Yes, that is why we have written to them. Lagos is big and that is why we have written to Lagos State government and even the Oba of Lagos. We have also gone to his palace for presentation. So, we are already contacting governments, companies and individuals that can move sanitary hygiene to the next level.
Now that you hardly have a competitor, what niche do you have in the entire cosmology of business in Nigeria?
From my findings, the other two companies I told you are into a similar thing are working with old technology. Our niche is excellent service delivery, because we do not expect to be a monopolistic company forever and that is why we have partners and finders. We also organize training for those who want to go into the business. We put them through and make them buy the needed equipment from us.
How expensive are these equipment?
The equipment are very expensive now because of the exchange rates. Way back in 2014, things were very good and cheap but they’re now expensive. One unit of equipment now would cost about N3.5 million. The equipment come with accessories that would help you kick-start your job. As a company, we are open to partnership to help you get your job going.
In what area is the recession affecting you?
The recession has crippled virtually every business unit now and if you are not strong enough, you may be out of business.

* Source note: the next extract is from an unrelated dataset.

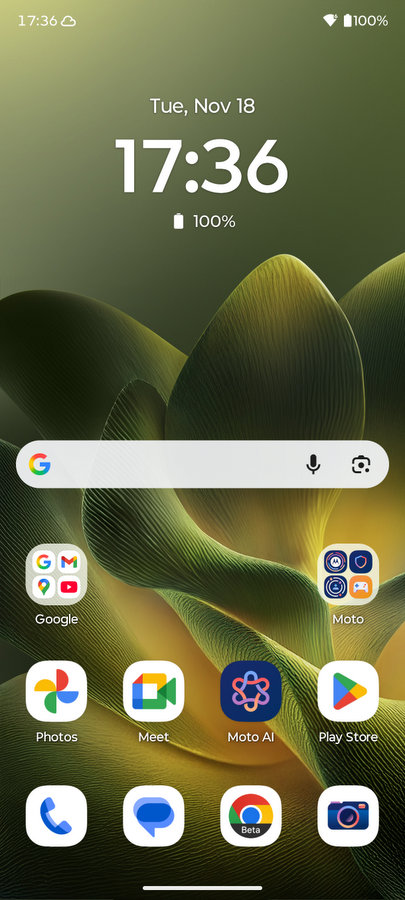 При нас беше цвят Bronze Green, който изглежда много приятно със своето маслиненозелено оцветяване и жълтозелени акценти около камерата и в бутона за активиране на moto ai. Другите опции са Gadget Grey и Lilly Pad. Както обикновено и сега цветовете са създадени заедно с Pantone, за което напомня и етикет върху гърба. Motorola продължава да прави едни от най-интересните по отношение на цветовете и материалите телефони на пазара.

If we were not established on a solid foundation, we would have packed out. Our parent company in the US sends us equipment. Yes, the recession is impacting business negatively but we hope it won’t be too long before it abates. The exchange rates are the issue.
Do expatriates work with you?
Currently, we have none. I trained in the US and I am a certified specialist. I have also trained many Nigerians who are now doing very well. We are doing very well, so we don’t need to bring in expatriates. We attend international trainings twice annually just to keep fit in the business. As we grow, we hope to import the technology, rather than bring in expatriates. We just send our staff to the US for training.
What do you do in the area of employment opportunities for young people?
The company has a very unique model for empowering the youth. We have people working for us with the opportunity to make ends meet. We have a platform where graduates can make use of their networks to get jobs for us and they are paid commissions. We also have people on our payroll. We also have people who do jobs and get abnormal pay. For a single job, you can earn N200,000 from a contract of N1,000,000 for us. We can always engage more people to do that.
What can government, at all levels, do in the area of entrepreneurial development, employment generation and skills acquisition?
The government can help. Nigerians are very hardworking and our dexterity can be attested to worldwide. Government programmes are not working here and if they are, it’s negligible. Government should have genuine grounds where people can go.
You mean financial institutions are not helping Nigeria’s economy?
Yes, they are not. I was a banker for nine years. Nigerian banks would give you a short-term loan to run a long-term business and that is why everybody starts cutting corners. How can you give me a loan and expect me to pay back in six months? How do I achieve that when we are still working on acceptance? There should be both short, middle and long term loans like in other countries. This is our country and nobody is running away. Even pepper sellers are running away from loans, because they keep chasing them to pay up on a short-term basis. It is wrong on the basis of workability, because people who borrow are worse off. We haven’t taken any loan from anybody anyway. Our business is very lucrative, because we have potential. We have 18 countries in West Africa to cover. How can you be sleeping on a mattress without sanitizing forever? It’s crazy. When I made a presentation to Sheraton Hotel in Abuja, I discovered they virtually burn any mattress they considered bad but that is wastage. With just a simple treatment you can use your mattress for as many years as you want. We need people to buy into this idea and everything becomes hygienic for us.